Cette brève analyse montre que les facteurs sémantiques utilisés dans les tâches de MCT ne favorisent pas les effets sur le rappel de l’ordre. Leur organisation, qui devrait avoir un effet sur le rappel de l’ordre, n’est pas prise en compte. Les auteurs s’intéressant aux effets des connaissances sémantiques sur la mémorisation à court terme se sont contentés de sélectionner un facteur sémantique, la catégorisation par exemple, en négligeant son organisation en MLT. Il est pourtant peu probable que les items appartenant tous à la même catégorie soient placés de façon aléatoire en MLT. Les listes sémantiques des tâches de MCT réalisées jusque-là ne prenant pas en compte cette organisation, elles doivent donc être en conflit avec la structure de la MLT.

6. Conclusion

Il apparaît aujourd’hui que les connaissances sémantiques de la MLT jouent un rôle prépondérant en MCT en permettant d’augmenter les performances dans le rappel des items. Cependant, il ne semble pas qu’on ait encore bien élucidé la nature exacte de cet effet. Elles améliorent le rappel d’items, mais leur effet sur le rappel de l’information d’ordre n’est pas encore déterminé. Les données de la littérature présentent des effets hétérogènes : absence d’effet ou effet néfaste. Les différences méthodologiques ne suffisent pas à expliquer ces différences. Saint-Aubin et Poirier (1999, 2000) ont tenté d’interpréter le rôle des connaissances sémantiques sur le rappel à court terme de l’information d’ordre dans le cadre des modèles basés sur la rédintégration, mais les données contradictoires qu’ils ont obtenues en 2005 (Saint-Aubin, Ouellette et Poirier) les ont conduits de nouveau à modifier ce modèle.
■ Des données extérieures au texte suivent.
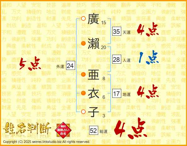 廣瀨亜衣子さんの総運は52画の4点!

Les incessantes révisions de ces modèles pour interpréter ces données hétérogènes nous conduisent à nous interroger sur leur validité. Avant de tenter d’interpréter les effets des connaissances sémantiques sur le rappel de l’ordre, il est nécessaire de tester différents facteurs sémantiques et d’observer les mêmes effets pour un même facteur, comme la catégorisation par exemple.

La prise en compte des caractéristiques des items et de leur organisation en MLT peut peut-être constituer une réponse valable. En effet, on a observé que les composantes sémantiques utilisées dans les tâches de MCT portent principalement sur leur signification, ou leur appartenance à une catégorie. Or, la mémoire sémantique ne se réduit pas au sens des mots. La grande quantité d’informations qu’elle possède nous fait supposer qu’elle est organisée, mais quelle est cette organisation ? Une information, telle que « Washington est la capitale des Etats-Unis », peut être encodée et activée différemment : elle peut être activée avec l’item Etats-Unis car c’est un concept qui lui est proche (lien thématique), ou bien avec toutes les capitales du monde (lien taxonomique) ? Afin d’étudier au mieux les effets des connaissances sémantiques sur le rappel de l’ordre, il apparaît important de prendre en compte cette organisation. Pour connaître le contenu de la mémoire sémantique et son organisation, il convient de l’étudier. Ceci sera l’objet de notre troisième chapitre.